■ **About this task**
Beginning with the line that contains "Clase del 2002", restate each line below through the final one exactly, and exclude the pictures.

Saved entries
◇ ◇ ◇ ◇

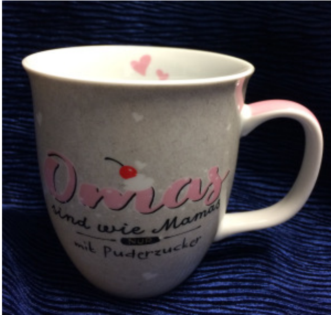
Porzellan-Tasse „Omas sind wie Mama, nur mit Puderzucker“
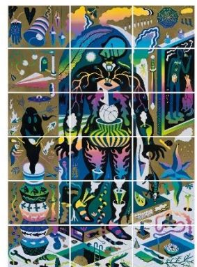
アグン・ブラボウォ《At the Gate of Fate》2018年 リノカット彫り進み技法、作家蔵
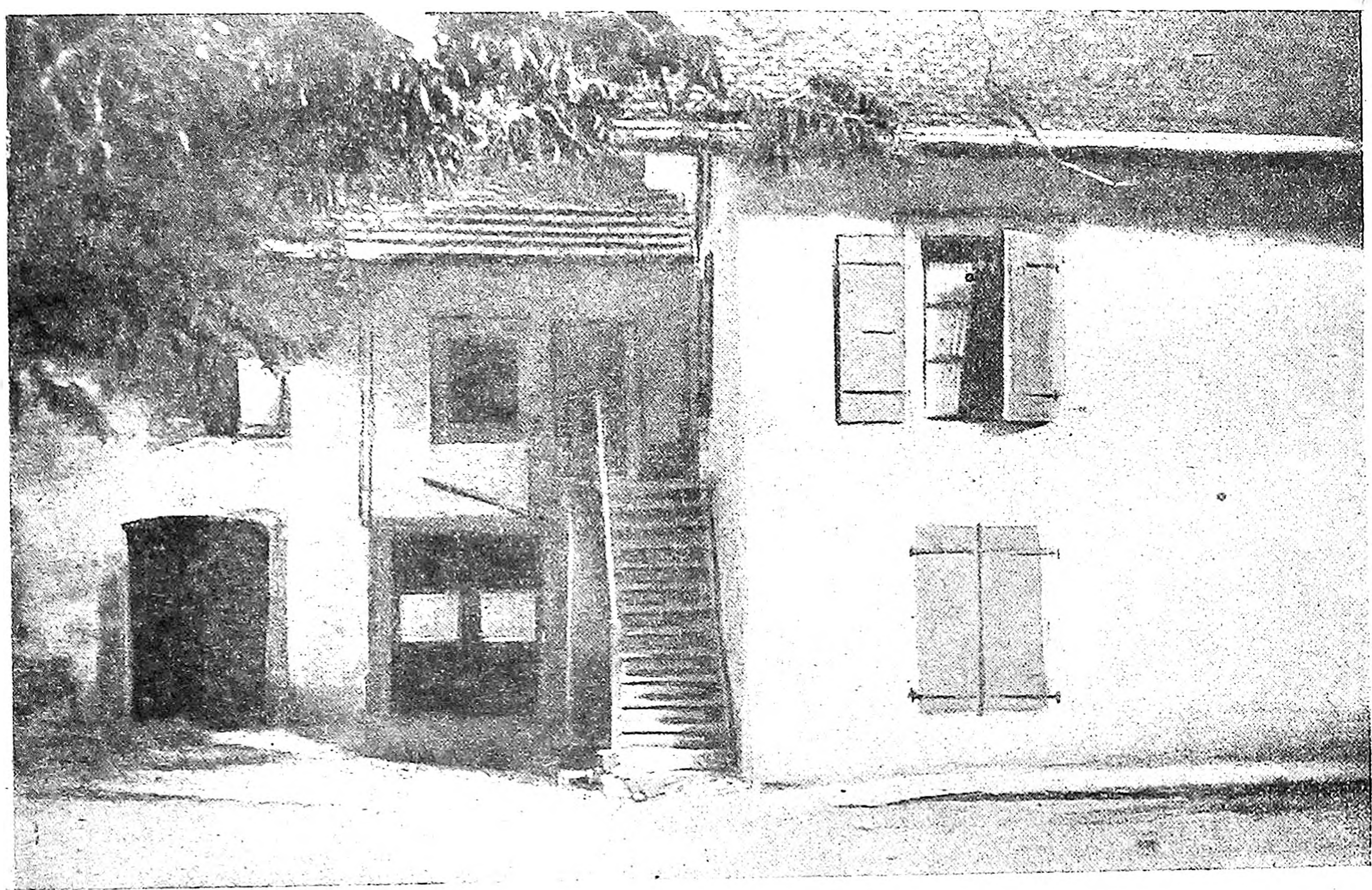
Домик в Морне, где жили изгнанные из Швейцарии Г. В. Плеханов и В. И. Засулич с 1892 по 1894 гг.
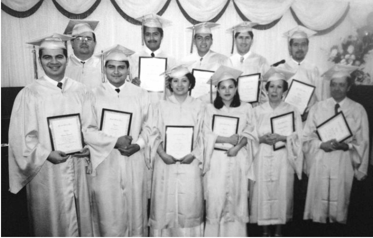
Clase del 2002
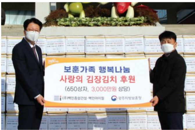
찬 등 총 1억 4000만원 상당의 후원물품을 지원했으며, 보훈가족을 위한 사회공헌활동에 지속적으로 참여해오고 있다.

◇ ◇ ◇ ◇

■ **Exercise solution**
Clase del 2002
찬 등 총 1억 4000만원 상당의 후원물품을 지원했으며, 보훈가족을 위한 사회공헌활동에 지속적으로 참여해오고 있다.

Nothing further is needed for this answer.